■ WHAT TO WORK ON
Leaving out the images, reproduce every line of the data that follows exactly.
START DATA SECTION
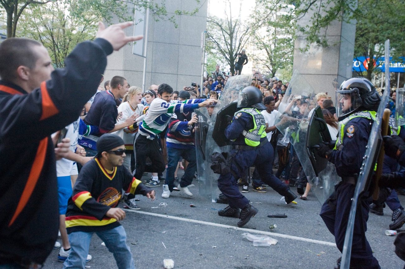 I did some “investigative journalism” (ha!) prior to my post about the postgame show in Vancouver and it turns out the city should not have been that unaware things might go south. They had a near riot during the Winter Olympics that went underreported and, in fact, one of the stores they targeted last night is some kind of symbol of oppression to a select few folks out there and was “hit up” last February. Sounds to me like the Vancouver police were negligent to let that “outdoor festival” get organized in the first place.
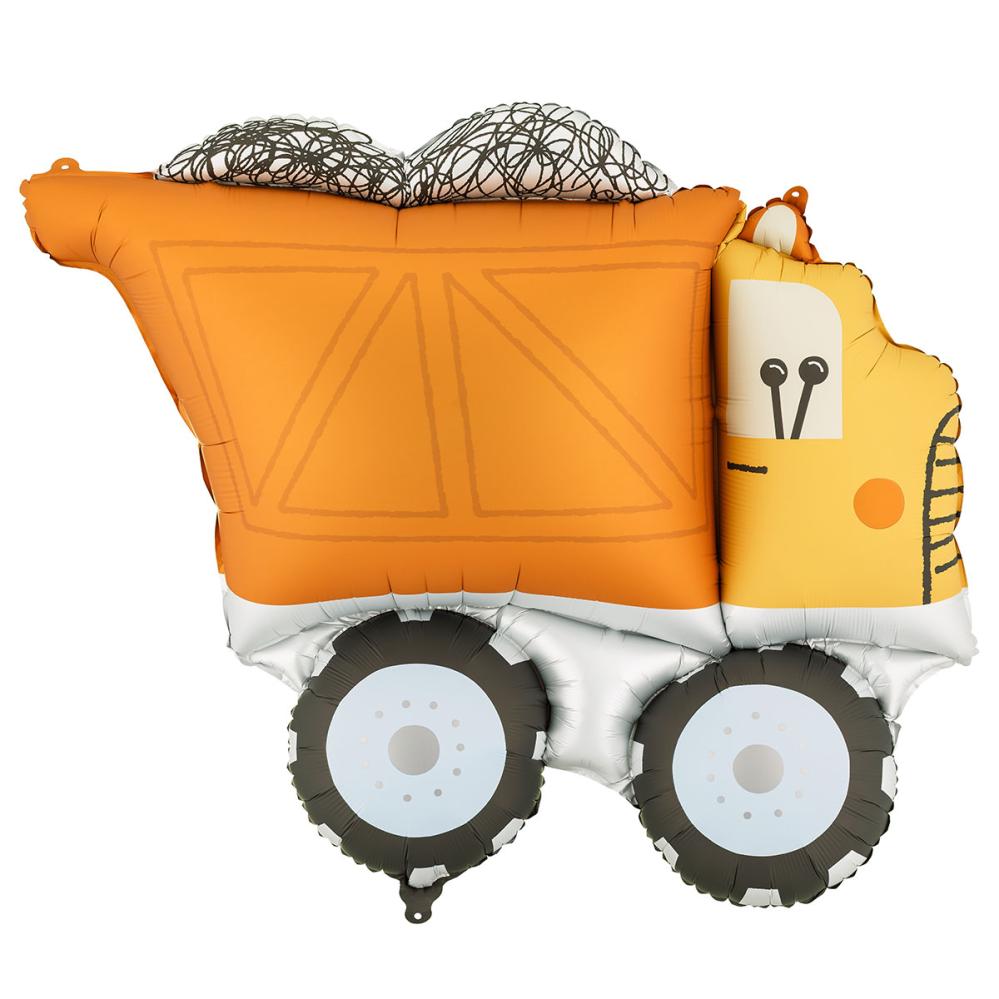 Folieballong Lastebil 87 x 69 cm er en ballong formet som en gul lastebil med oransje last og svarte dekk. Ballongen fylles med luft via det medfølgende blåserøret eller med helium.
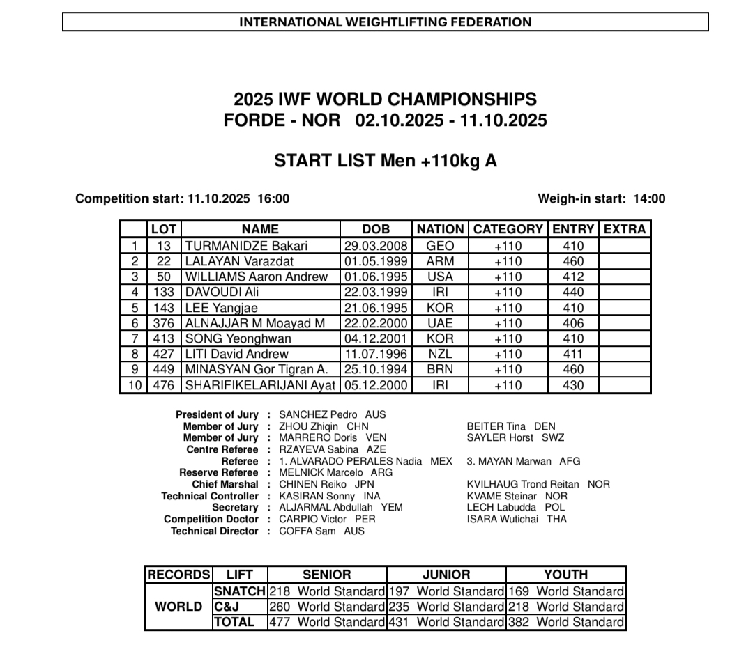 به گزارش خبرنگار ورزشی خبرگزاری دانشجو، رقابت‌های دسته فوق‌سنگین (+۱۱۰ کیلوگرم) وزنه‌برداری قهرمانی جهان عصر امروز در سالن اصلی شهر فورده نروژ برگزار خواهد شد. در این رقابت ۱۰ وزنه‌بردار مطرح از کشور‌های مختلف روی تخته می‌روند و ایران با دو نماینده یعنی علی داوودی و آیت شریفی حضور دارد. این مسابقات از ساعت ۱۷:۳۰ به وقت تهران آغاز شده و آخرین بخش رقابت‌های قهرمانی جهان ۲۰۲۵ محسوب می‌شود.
END DATA SECTION
■ SOLUTION TO THIS EXERCISE
 I did some “investigative journalism” (ha!) prior to my post about the postgame show in Vancouver and it turns out the city should not have been that unaware things might go south. They had a near riot during the Winter Olympics that went underreported and, in fact, one of the stores they targeted last night is some kind of symbol of oppression to a select few folks out there and was “hit up” last February. Sounds to me like the Vancouver police were negligent to let that “outdoor festival” get organized in the first place.
 Folieballong Lastebil 87 x 69 cm er en ballong formet som en gul lastebil med oransje last og svarte dekk. Ballongen fylles med luft via det medfølgende blåserøret eller med helium.
 به گزارش خبرنگار ورزشی خبرگزاری دانشجو، رقابت‌های دسته فوق‌سنگین (+۱۱۰ کیلوگرم) وزنه‌برداری قهرمانی جهان عصر امروز در سالن اصلی شهر فورده نروژ برگزار خواهد شد. در این رقابت ۱۰ وزنه‌بردار مطرح از کشور‌های مختلف روی تخته می‌روند و ایران با دو نماینده یعنی علی داوودی و آیت شریفی حضور دارد. این مسابقات از ساعت ۱۷:۳۰ به وقت تهران آغاز شده و آخرین بخش رقابت‌های قهرمانی جهان ۲۰۲۵ محسوب می‌شود.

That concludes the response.